Birinci sınıf görsel efektlere rağmen, Westworld’ün son sezonu, yalnızca şok edici olduğu için hikâyeye dâhil edilen mantıksız entrikalar ve karakter motivasyonlarıyla doluydu. Vasat alt kurgular, yine birçok noktada zayıf ve sıkıcı olan ana hikâyeden uzaklaştı. Westworld parka geri dönmüş olabilir, ancak yolculuk kesinlikle sürükleyici değildi.
Lost
Lost‘un finali, bugüne kadarki en kötü TV sonlarından biri olma unvanını koruyor. Uçak kazasından sağ kurtulup bir adada mahsur kalan karakterlerin hikâyesini izlediğimiz dizinin her bir bölümü yeni gizemlerle tanıştırıyordu izleyiciyi.
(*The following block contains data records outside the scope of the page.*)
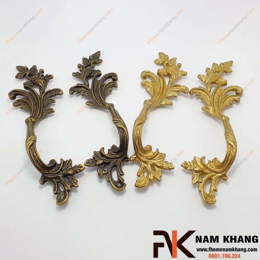 Tay nắm tủ NKD087 là điển hình của sự tinh xảo cùng họa tiết hoa văn uốn lượn cân đối và màu sắc đồng cổ, đồng vàng đặc trưng, chúng mang đến nét đẹp hoài niệm, cổ điển và sang trọng.
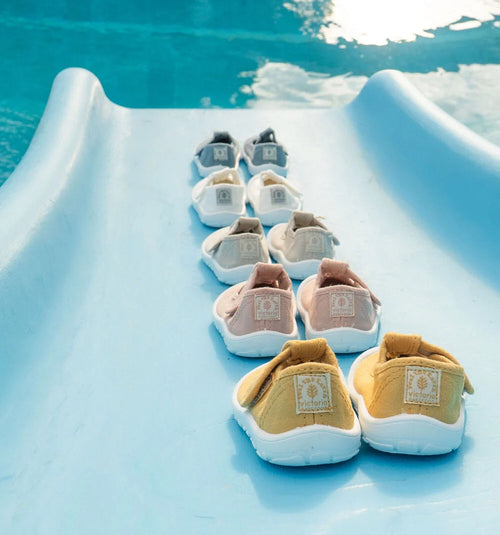 Sapatilhas de lona Barefoot para crianças, feitas com algodão reciclado DREC® e algodão ecológico. Super flexíveis, leves e sem reforços, garantem um ajuste natural, permitindo o movimento livre dos pés sem os deformar. O fecho em velcro facilita o calçar, enquanto a sola plana antiderrapante e a palmilha removível e lavável proporcionam conforto, equilíbrio e segurança. Um calçado sustentável e ideal para o desenvolvimento saudável dos pés infantis.
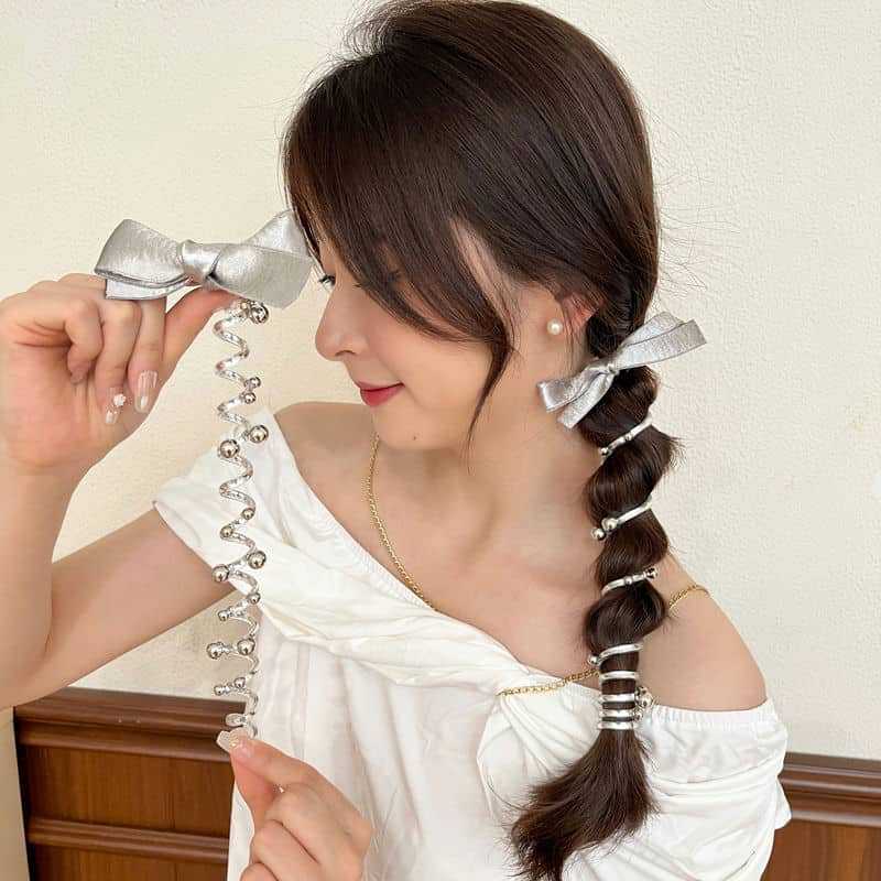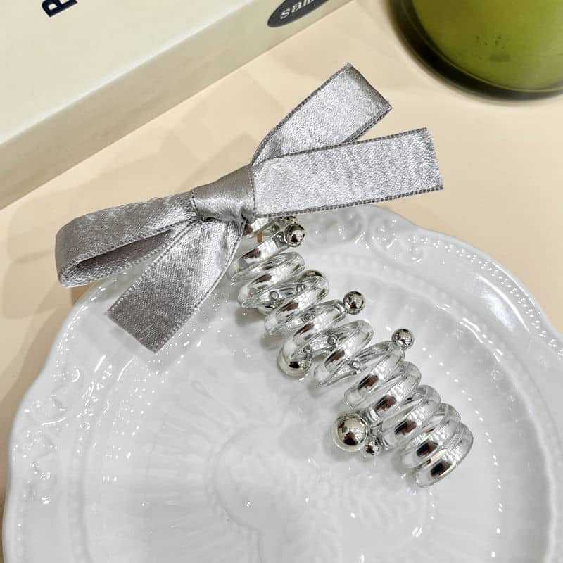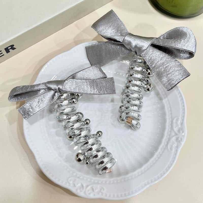 银色蝴蝶结电话线发圈高级感泡泡辫发绳扎马尾头绳甜美直条束发圈

Üstelik işler son ana dek bilimkurgusal bir seyir izliyor ve ortadaki gizemlerin de belli bir mantık çerçevesinde çözüleceğine inanılıyordu. Ancak dizinin son sezonu, karakterlerin beş sezon boyunca yaşadığı her şeyi geçersiz kıldı. Buna bilimkurgu da dâhildi.
6. sezon, yarım kalan işleri ve öteden beri süregelen gizemleri halletmek yerine tümüyle fantastik yan hikâyelere odaklandı. Hâliyle de seyirci kendini aldatılmış hissetti. Yine de Lost, özellikle ilk sezonlarıyla hâlâ bir efsane olmayı sürdürüyor.